§ Try it:
Omit every picture, and retype the lines that run from the beginning of the data below through the line containing "Zastępstwo dla Opiekunki/Opiekuna", inclusive.

§ Available data:
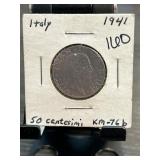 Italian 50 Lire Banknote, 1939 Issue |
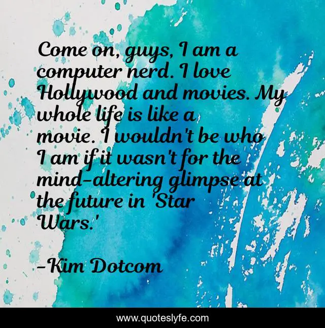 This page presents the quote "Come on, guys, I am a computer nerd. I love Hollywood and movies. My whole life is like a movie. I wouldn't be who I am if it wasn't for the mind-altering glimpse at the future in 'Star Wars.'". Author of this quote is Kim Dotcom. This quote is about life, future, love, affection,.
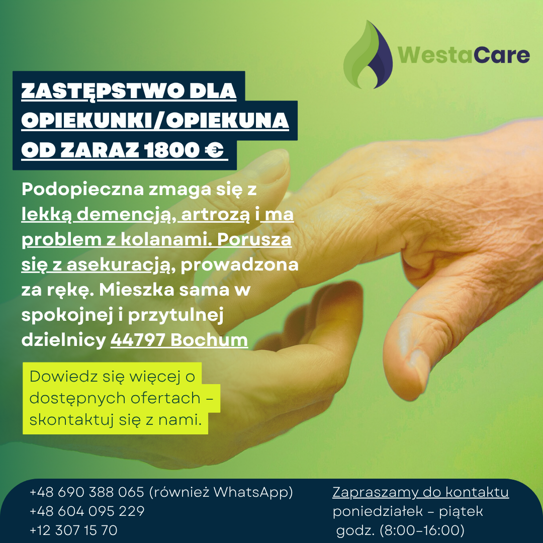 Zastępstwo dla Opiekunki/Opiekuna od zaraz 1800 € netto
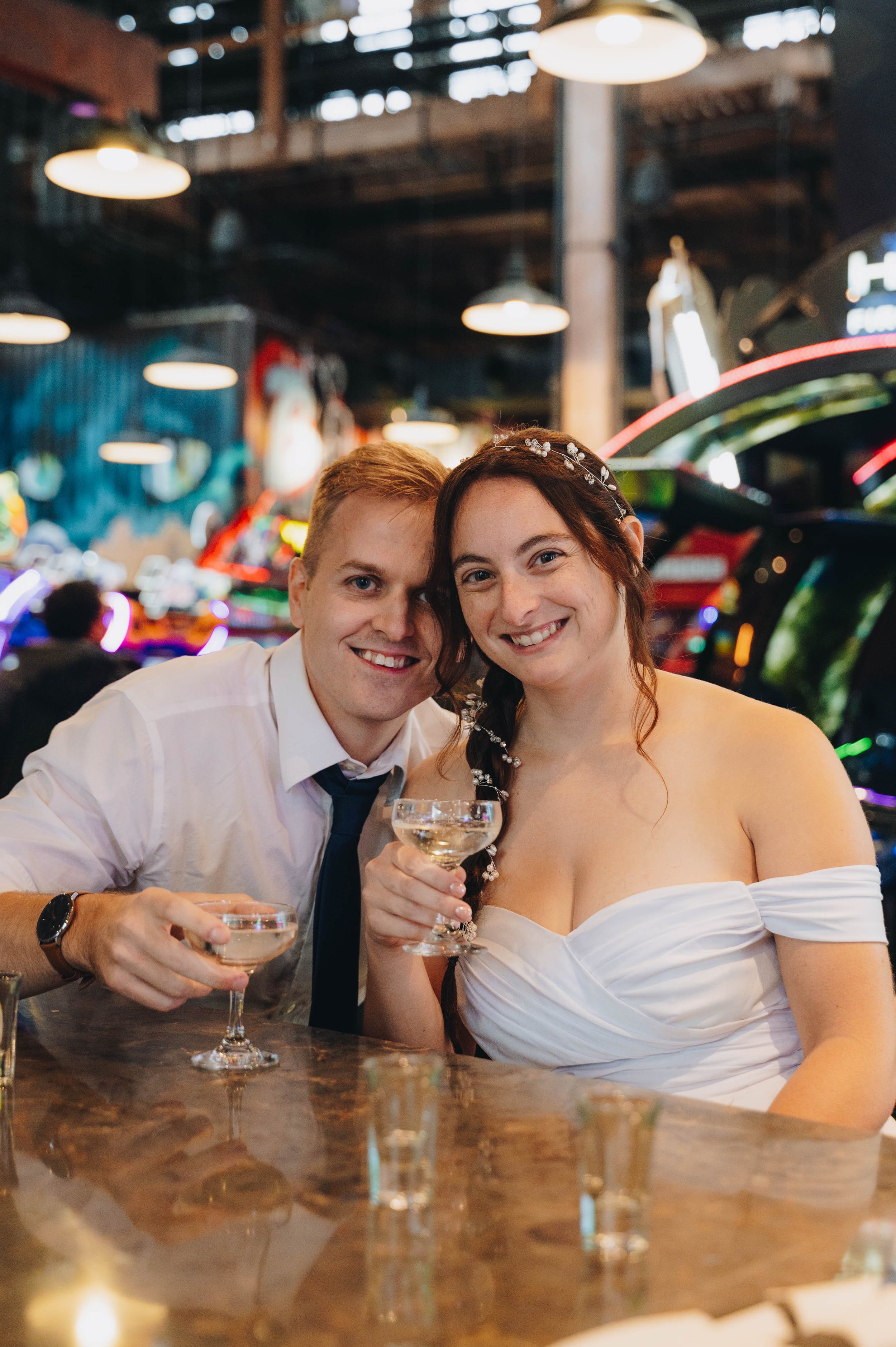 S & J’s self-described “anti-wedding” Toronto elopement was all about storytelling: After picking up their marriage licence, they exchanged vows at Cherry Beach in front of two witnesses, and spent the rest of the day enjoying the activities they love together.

§ Solved problem:
 Italian 50 Lire Banknote, 1939 Issue |
 This page presents the quote "Come on, guys, I am a computer nerd. I love Hollywood and movies. My whole life is like a movie. I wouldn't be who I am if it wasn't for the mind-altering glimpse at the future in 'Star Wars.'". Author of this quote is Kim Dotcom. This quote is about life, future, love, affection,.
 Zastępstwo dla Opiekunki/Opiekuna od zaraz 1800 € netto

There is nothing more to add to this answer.